I am going to give you the biggest compliment I can. I am printing out these stories for my daughters (14 and 15). There is so much for them to hear and learn.

Thanks for sharing this story. I'm so glad I found you here.

ChurchPunkMom said...

'He needed to know I didn't regret it. I wasn't sure if I did or not. Something held for nearly 16 years tossed into the wind in one night.. But wasn't this something I did deliberately you ask? Why yes, my dear, it was and how can I regret such things? That would be a bit like admitting a mistake and I wasn't real fond of that concept.'

oh shivers.. i could have written this part myself.. (but take out '16' and replace it with '15'.
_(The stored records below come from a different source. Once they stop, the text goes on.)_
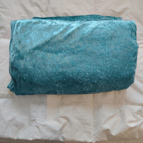 1,8 + 5,85 meter i nydelig blåfarge med nervøs fløyel. Perfekt som duk.
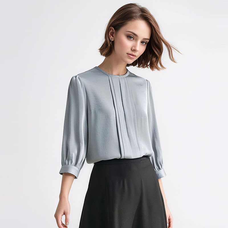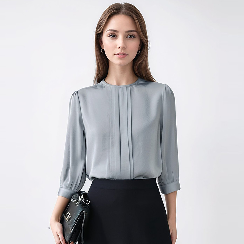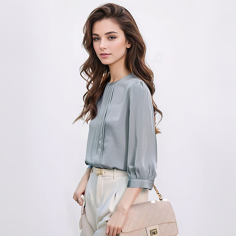 璐丝百丽时尚百搭女士七分袖雪纺衬衫高人气衬衣职场面试修身上衣
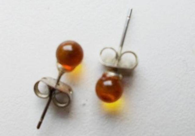 metalas paprastas, gintaras tikras yra du auskarai, pora
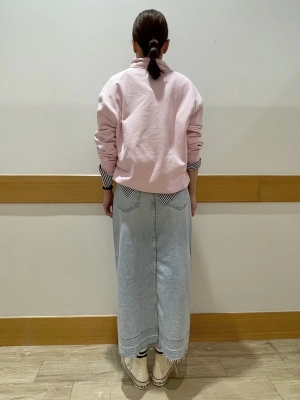 春らしい桜色なピンクがかわいい♡デニムスカートに合わせて爽やか春コーデ
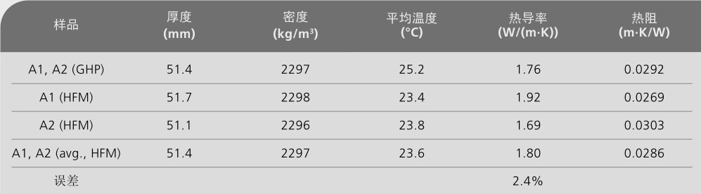 Netzsch HFM 測(cè)試較高導(dǎo)熱系數(shù)材料的關(guān)鍵是配備擴(kuò)展配件(Instrumentation kit)。下圖對(duì)三種類(lèi)型的混凝土樣品進(jìn)行測(cè)試,得到的熱導(dǎo)率結(jié)果與保護(hù)熱板法(GHP)測(cè)得的熱導(dǎo)率結(jié)果十分吻合。
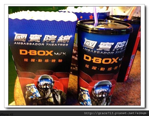 所有的D-BOX 的票都含有小爆米花及 一大杯飲料, 杯子跟一般買的紙杯不同,
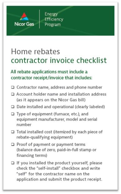 Use our invoice checklist and invoice sample as a guide to ensure all required information is on the invoice that is submitted with a rebate application. Make sure the invoice includes:

wow.. what a story.i look forward to sharing some of my own more personal stories on my private blog.. i'll make sure to send you a link when i do. ;-)

ChurchPunkMom said...

oh wait.. it says 'nearly 16'.. so the difference in age was merely months. wow.

cIII said...

Holy. Crap.
That's all.

Pamela said...

I have had such a crying-filled day already. I wish this had a warning at the beginning.

It wouldn't have been as good with a warning, though.

The Mister said...

I can't stand to go without being reconciled with people. You never know when they'll get struck by lightening... or a truck.

It's better to be reconciled than to be right someone told me once. It would have been worth swallowing my pride to have been squared with my friends who are now dearly departed.

baby changing stations said...

You write expressingly..i am fond of it...great stories dude....

~Sheila~ said...

I continue to enjoy your writing. Another excellent story.

Maggie, Dammit said...

OH. MY. GOD.

Yeah, I was just getting caught up, totally enjoying the three-parter, sipping my coffee... did not see that ending coming.

My God.

What a sad, awful, beautifully-written story.

Jenny, the Bloggess said...

Wow. My heart aches at this story.

A Free Man said...

Where have you come from? Who are you? This is just some of the best writing I've come across on the internet. Wow.

Punk Rock Dad said...

This is what I write when I am speechless....."------"

Karen Sugarpants said...

What a twist...you are a very talented writer.

muskrat said...

sad to learn this...hope it feels better now that it's been written down.